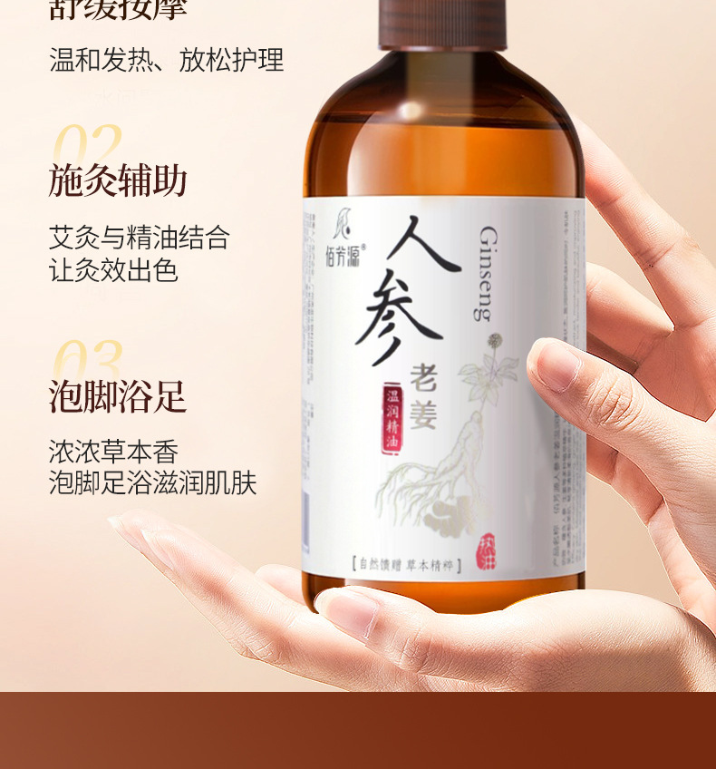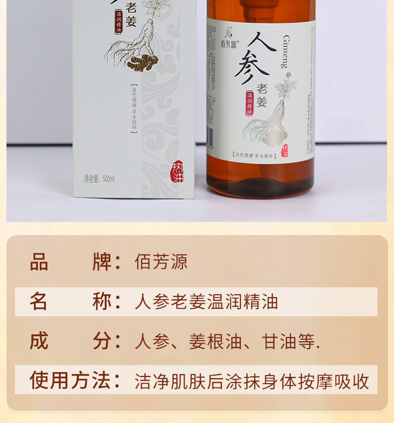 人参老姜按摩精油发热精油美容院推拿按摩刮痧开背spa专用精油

* * *

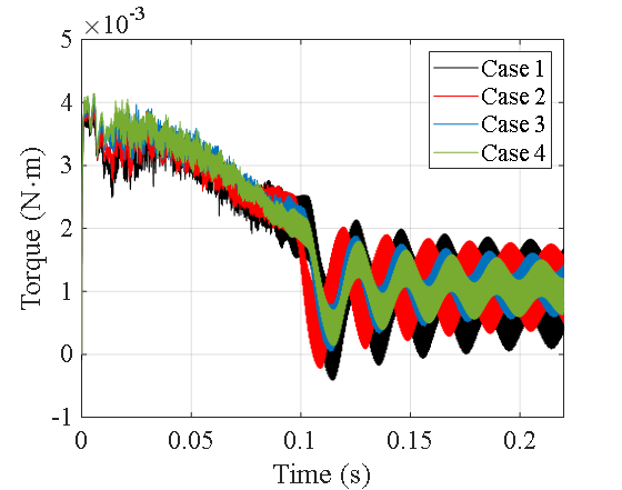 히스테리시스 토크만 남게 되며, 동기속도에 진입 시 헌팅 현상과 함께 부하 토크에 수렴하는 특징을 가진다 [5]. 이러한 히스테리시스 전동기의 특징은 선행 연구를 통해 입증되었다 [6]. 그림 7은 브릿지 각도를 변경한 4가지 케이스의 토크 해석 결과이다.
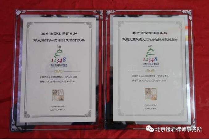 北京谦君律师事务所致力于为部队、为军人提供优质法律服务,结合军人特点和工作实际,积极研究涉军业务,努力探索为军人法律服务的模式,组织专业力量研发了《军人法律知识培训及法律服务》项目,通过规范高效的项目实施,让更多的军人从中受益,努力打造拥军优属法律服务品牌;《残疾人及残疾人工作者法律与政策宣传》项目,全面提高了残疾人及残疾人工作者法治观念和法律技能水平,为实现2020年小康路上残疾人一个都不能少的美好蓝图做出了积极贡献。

# Task requirements:
An exact copy of the lines above from the one with "히스테리시스 토크만 남게" up to and including the one with "北京谦君律师事务所致力于为部" is required; reproduce only those lines, omitting all pictures.

# Answer section:
 히스테리시스 토크만 남게 되며, 동기속도에 진입 시 헌팅 현상과 함께 부하 토크에 수렴하는 특징을 가진다 [5]. 이러한 히스테리시스 전동기의 특징은 선행 연구를 통해 입증되었다 [6]. 그림 7은 브릿지 각도를 변경한 4가지 케이스의 토크 해석 결과이다.
 北京谦君律师事务所致力于为部队、为军人提供优质法律服务,结合军人特点和工作实际,积极研究涉军业务,努力探索为军人法律服务的模式,组织专业力量研发了《军人法律知识培训及法律服务》项目,通过规范高效的项目实施,让更多的军人从中受益,努力打造拥军优属法律服务品牌;《残疾人及残疾人工作者法律与政策宣传》项目,全面提高了残疾人及残疾人工作者法治观念和法律技能水平,为实现2020年小康路上残疾人一个都不能少的美好蓝图做出了积极贡献。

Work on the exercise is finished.